The built-in method for novel prediction should be considered a somewhat ‘quick and dirty’ method at present but is relatively fast and convenient to use. The basic idea is to take clusters of reads that could be mature sequence and find suitable precursors. Structural features of each precursor are then scored using a classifier. The best candidate is selected is there is at least one. We have followed a similar approach to the miRanalyzer method.

The following features are currently used in our algorithm, most are the same as those used in sRNAbench (miRanalyzer).

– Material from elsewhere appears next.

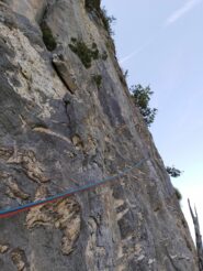 La via attacca all'estrema sx (faccia alla parete), in prossimità di un albero con cordino.

The diagram below may help to clarify some of the terminology used.

https://raw.githubusercontent.com/dmnfarrell/smallrnaseq/master/img/mirna_example.png
Feature Description
Length The length of the longest hairpin structure
Stem length The length of the longest hairpin structure stem
Mfe The mean free energy of the hairpin
Loop length The number of bases in the loop of the hairpin
Loop GC The GC-content of the loop
GC The GC-content of the small hairpin
Asymmetric bulges The number of asymmetric bulges and mismatches in the stem
Symmetric bulges The number of symmetric bulges and mismatches in the stem
Bulges The number of bulges in the stem
Longest bulge The number of non-pairing nucleotides of the longest bulge
Hairpin mismatches The number of single mismatches in the hairpin
Mature mismatches The number of single mismatches in the mature microRNA region of the hairpin
Triplet-SVM features All features that were proposed by Xue et al.

Algorithm:

The basic steps for novel precursor detection are as follows.

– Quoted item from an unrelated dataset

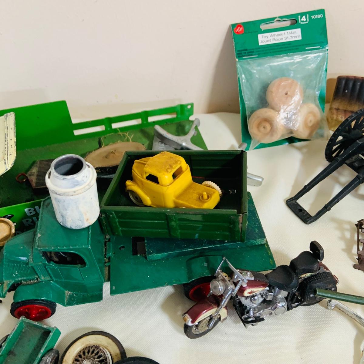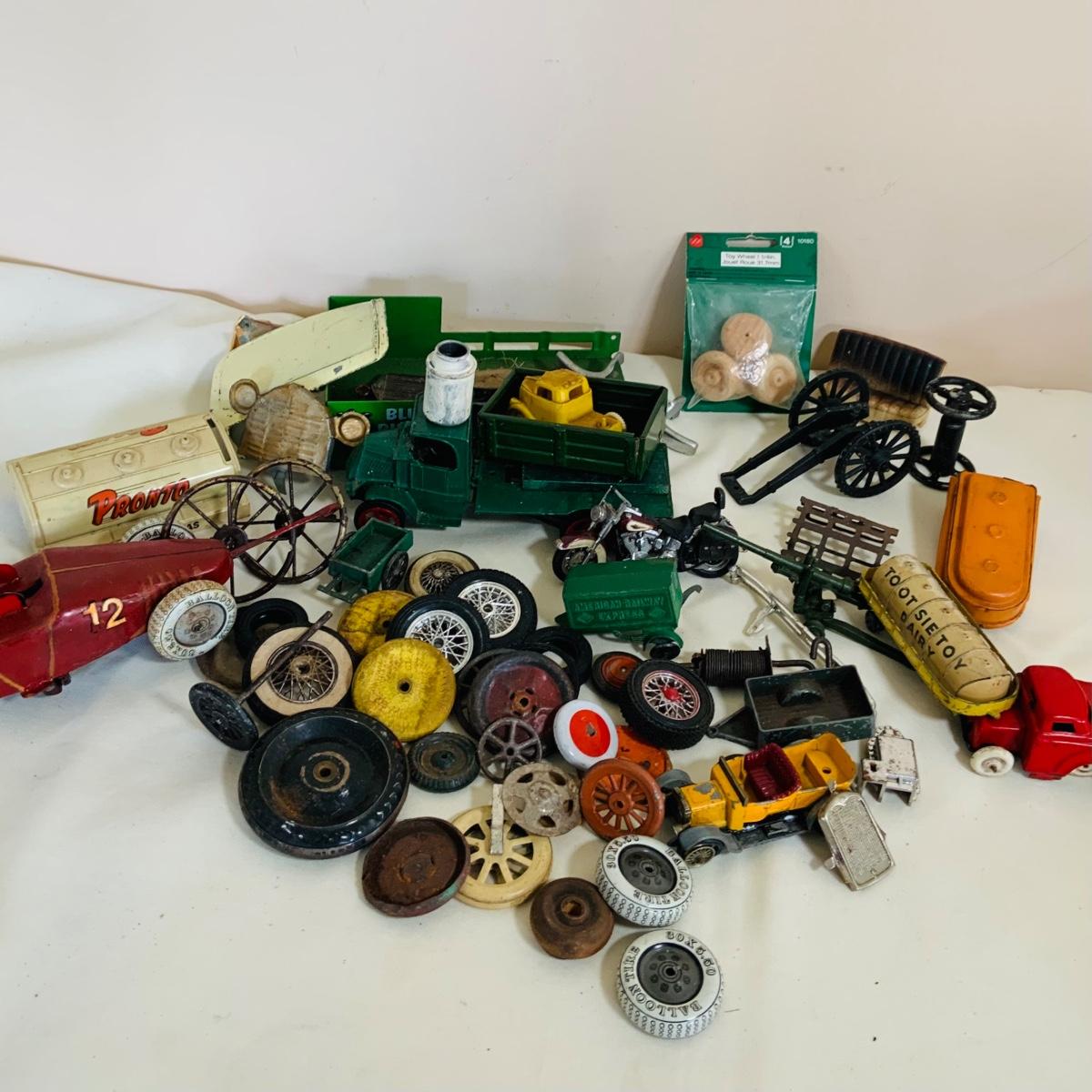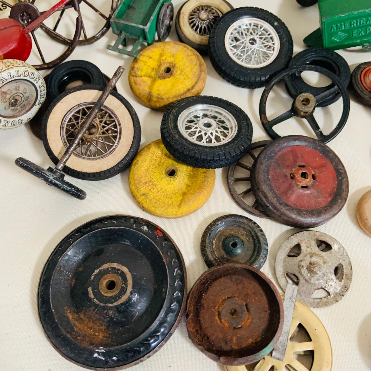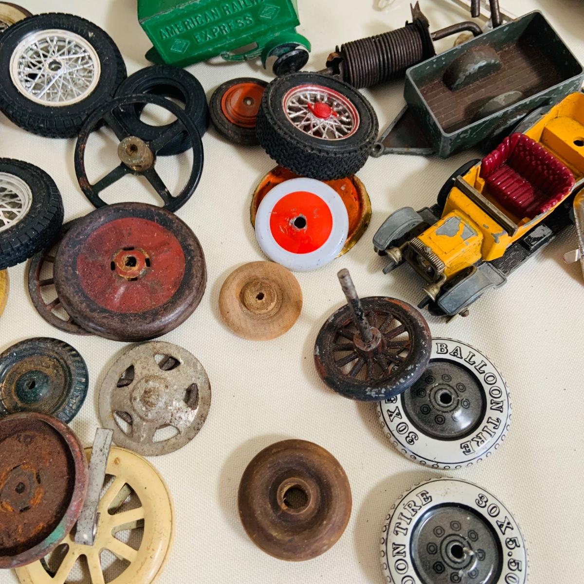 LOT 220: Large Assortment of Vintage Toy Car Wheels, Pieces and Parts

  1. if multiple samples, read counts for all samples are put together using each sam file and total counts for each unique read (after collapsing the original fastq files)
  2. the reads are sorted by read count
  3. reads are clustered using cluster trees
  4. read clusters are themselves clustered to detect pairs within 100 nt (for animals). these are considered to be possible mature/star arms and checked for hairpin structure
  5. single clusters are checked for precursors by creating multiple possible precursors at the 5’ and 3’ ends and evaluating the features
  6. a precursor is discarded if:
  • it has no hairpin
  • its read cluster overlaps with the hairpin loop
  • it has less than 19 bindings in the stem
  • it has less than 11 bindings to the region occupied by the read cluster
  1. a random forest classifier/regressor trained on known positives and negatives is used to score the precursor features
  2. the precursor with the lowest energy and highest score is used as the most likely candidate
  3. for single clusters this region is considered the mature arm and the star sequence is estimated
  4. the list of novel miRNAs with precursor, mature, star, reads is output

Command line usage

Using the command line tool it is simply a matter of setting novel = 1 in the config file. Reads will first be mapped to mirbase to remove known miRNAs and also any libraries you included in the indexes option. The novel prediction step from the command line tool will produce a file called novel_mirna.csv in the output folder.

Code examples

from smallrnaseq import novel
import pandas as pd
#single file prediction
readcounts = pd.read_csv('countsfile.csv')
samfile = 'mysamfile.sam'
reads = utils.get_aligned_reads(samfile, readcounts)
new = novel.find_mirnas(reads, ref_fasta)

References

  • Kang, W. & Friedländer, M.R., 2015. Computational Prediction of miRNA Genes from Small RNA Sequencing Data. Frontiers in Bioengineering and Biotechnology, 3, p.7.
  • Hackenberg, M. et al., 2009. miRanalyzer: a microRNA detection and analysis tool for next-generation sequencing experiments. Nucleic Acids Research, 37(Web Server), pp.W68–W76.
  • Friedländer, M.R. et al., 2012. miRDeep2 accurately identifies known and hundreds of novel microRNA genes in seven animal clades. Nucleic acids research, 40(1), pp.37–52.
  • Shi, J. et al., 2015. mirPRo–a novel standalone program for differential expression and variation analysis of miRNAs. Scientific Reports, 5, p.14617.
  • Xue, C. et al., 2005. Classification of real and pseudo microRNA precursors using local structure-sequence features and support vector machine. BMC bioinformatics, 6, p.310.
  • Lopes, I.D.O.N. et al., 2014. The discriminant power of RNA features for pre-miRNA recognition. BMC bioinformatics, 15(1), p.124.